THE TASK: Reproduce every entry word for word. Drop all pictures from the copy.

DATA FOR REVIEW:
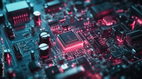 Close-up of a Microchip with Pink Glowing Lines on a Circuit Board
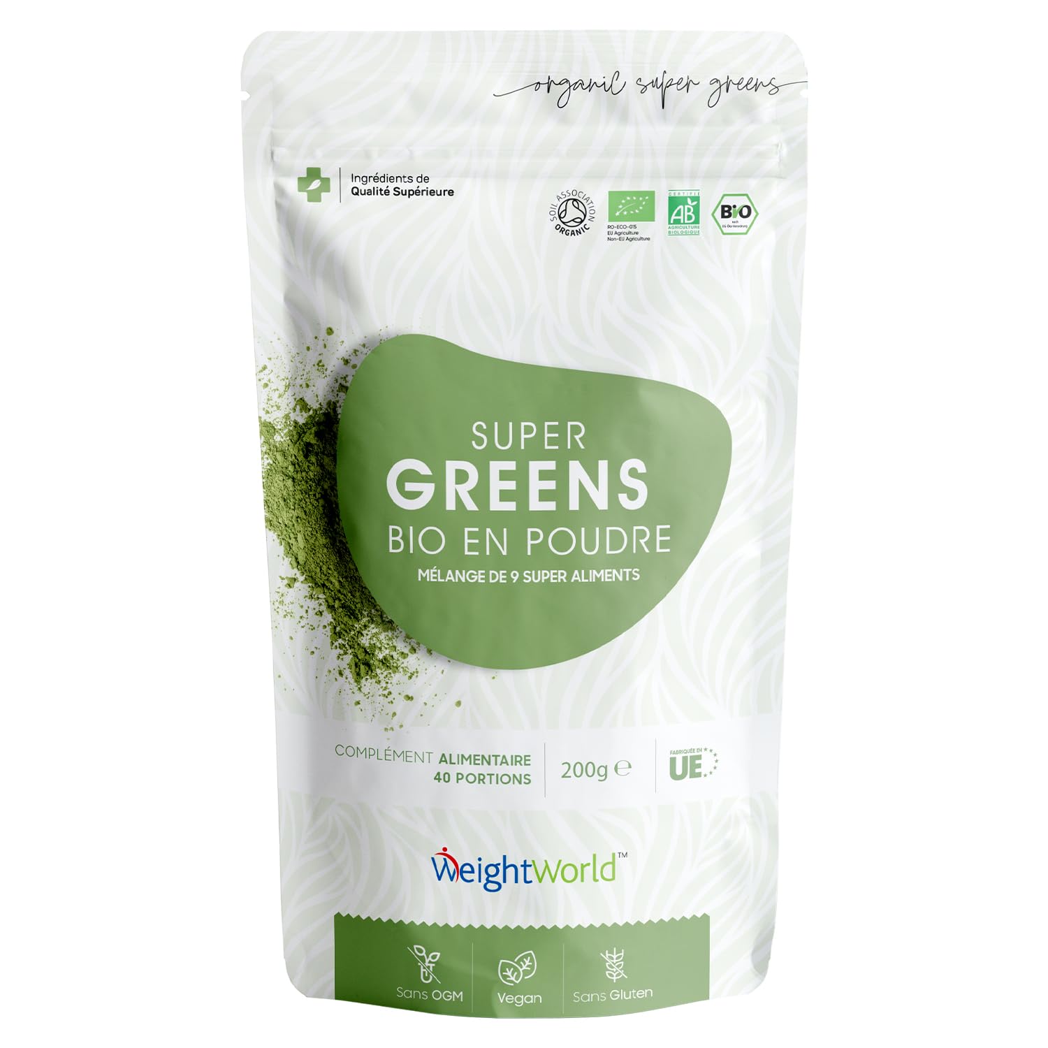 مسحوق سوبر جرينز (Super Greens) هو مكمل غذائي نباتي يحتوي على مزيج من الخضروات والفواكه والأعشاب البحرية والبروبيوتيك والإنزيمات الهاضمة. يُستخدم كإضافة غذائية لدعم الصحة العامة، وتعويض النقص في العناصر الغذائية، وتحسين الهضم والطاقة.
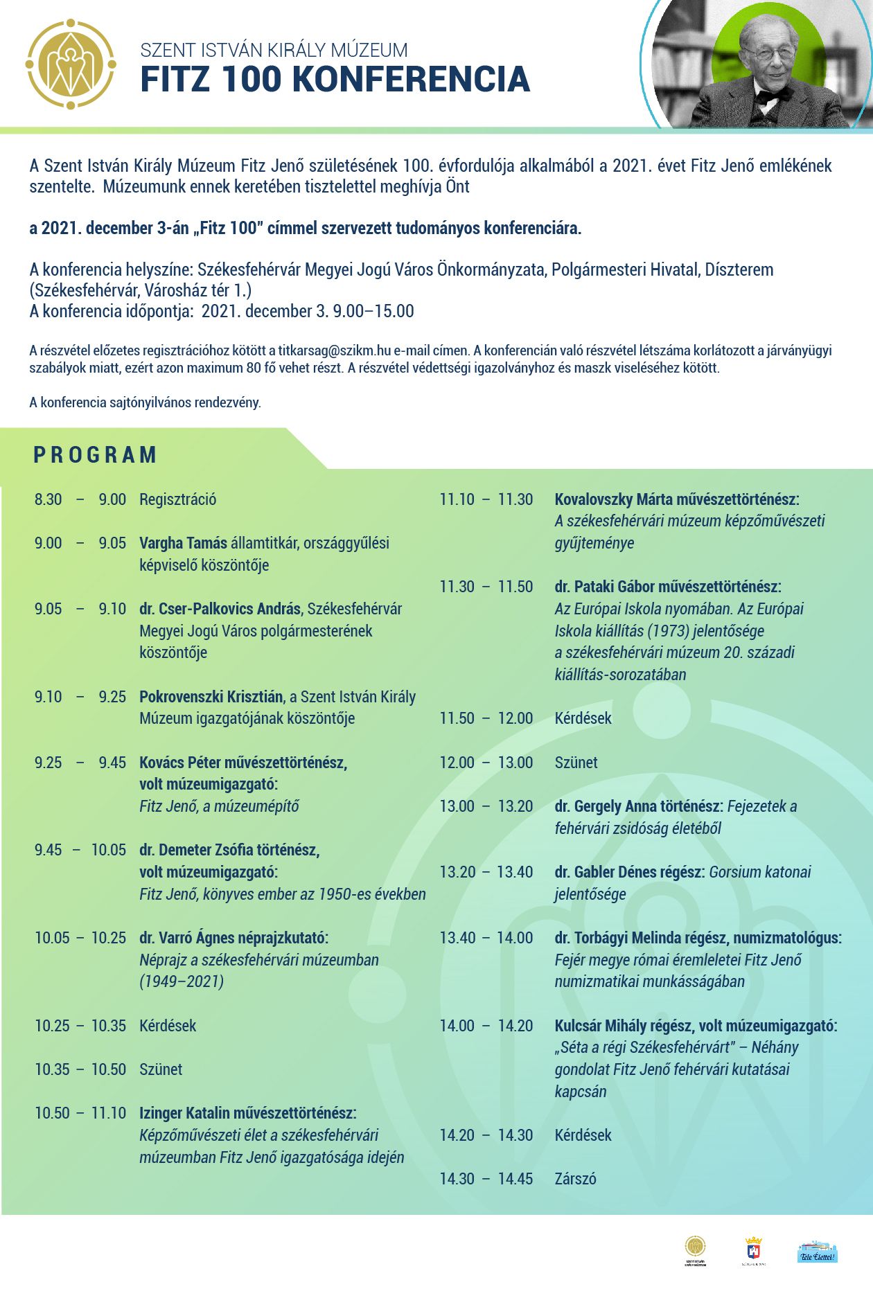 A rendezvényt dr. Cser-Palkovics András polgármester, Vargha Tamás államtitkár és Pokronvenszki Krisztián, a Szent István Király múzeum igazgatójának köszöntője nyitja meg. Ezt követően Fitz Jenő, a múzeumépítő és Fitz Jenő, könyves ember az 1950-es években címmel hallhatunk előadást a múzeum két korábbi igazgatójától, Kovács Pétertől és dr. Demeter Zsófiától. Az előadások egészen 15 óráig folyamatosan folynak, köztük pedig az interaktivitás jegyében lehetőség lesz kérdéseket is feltenni a szakembereknek.
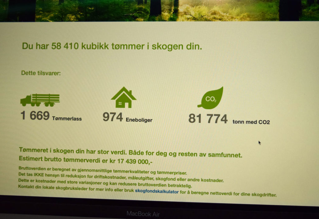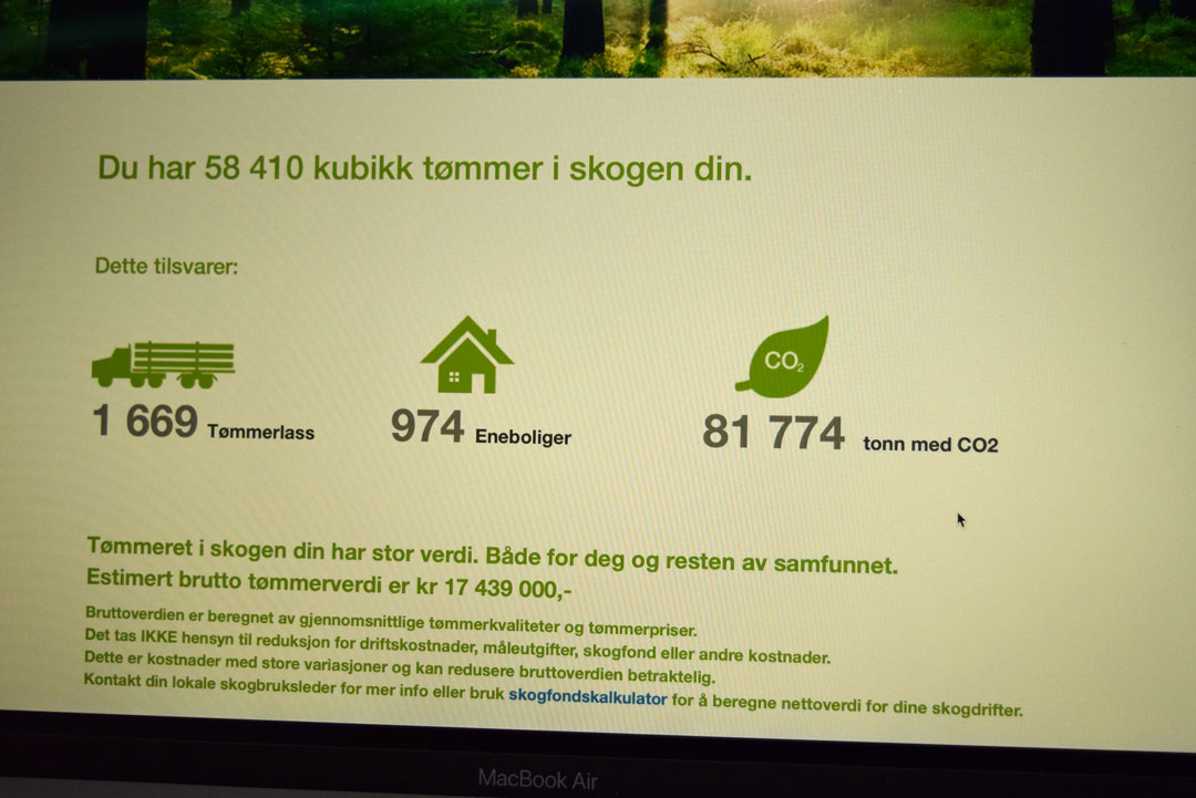 Åpningsbildet i skogbruksplanen Allma, er fakta om skogens bidrag til samfunnet, som at Magnhild har tømmer til 974 eneboliger. I tillegg ser hun at skogen binder nesten 82 000 tonn CO₂.
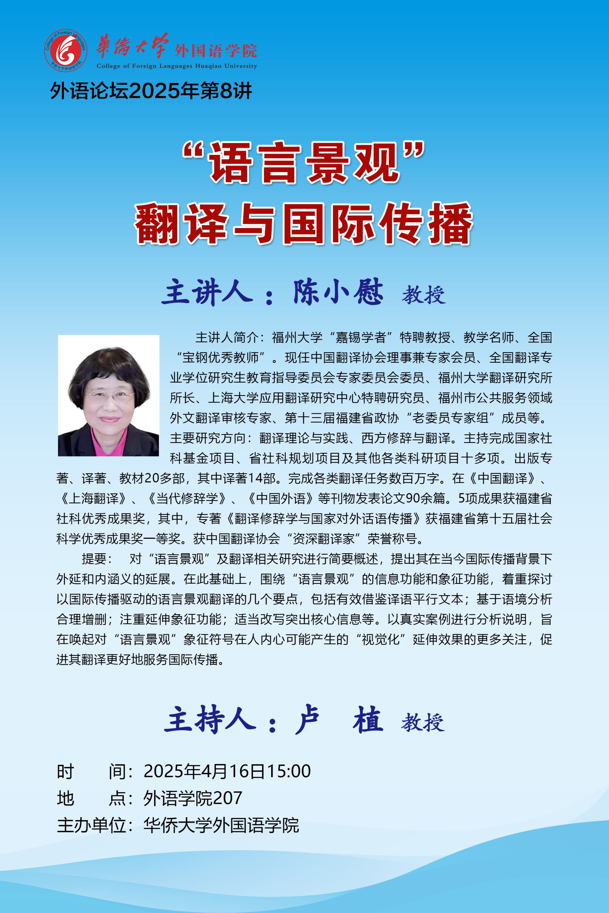 下一条:讲座信息:高校外语教师与语言学研究(主讲人:韩景泉 教授)
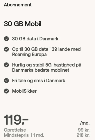 Oplev Danmarks bedste 5G-dækning og de hurtigste hastigheder med et mobilabonnement fra kun 119 kr./md. For at få 5G-oplevelsen, skal du have en 5G-mobiltelefon.

RESPONSE BELOW:
 Close-up of a Microchip with Pink Glowing Lines on a Circuit Board
 مسحوق سوبر جرينز (Super Greens) هو مكمل غذائي نباتي يحتوي على مزيج من الخضروات والفواكه والأعشاب البحرية والبروبيوتيك والإنزيمات الهاضمة. يُستخدم كإضافة غذائية لدعم الصحة العامة، وتعويض النقص في العناصر الغذائية، وتحسين الهضم والطاقة.
 A rendezvényt dr. Cser-Palkovics András polgármester, Vargha Tamás államtitkár és Pokronvenszki Krisztián, a Szent István Király múzeum igazgatójának köszöntője nyitja meg. Ezt követően Fitz Jenő, a múzeumépítő és Fitz Jenő, könyves ember az 1950-es években címmel hallhatunk előadást a múzeum két korábbi igazgatójától, Kovács Pétertől és dr. Demeter Zsófiától. Az előadások egészen 15 óráig folyamatosan folynak, köztük pedig az interaktivitás jegyében lehetőség lesz kérdéseket is feltenni a szakembereknek.
 Åpningsbildet i skogbruksplanen Allma, er fakta om skogens bidrag til samfunnet, som at Magnhild har tømmer til 974 eneboliger. I tillegg ser hun at skogen binder nesten 82 000 tonn CO₂.
 下一条:讲座信息:高校外语教师与语言学研究(主讲人:韩景泉 教授)
 Oplev Danmarks bedste 5G-dækning og de hurtigste hastigheder med et mobilabonnement fra kun 119 kr./md. For at få 5G-oplevelsen, skal du have en 5G-mobiltelefon.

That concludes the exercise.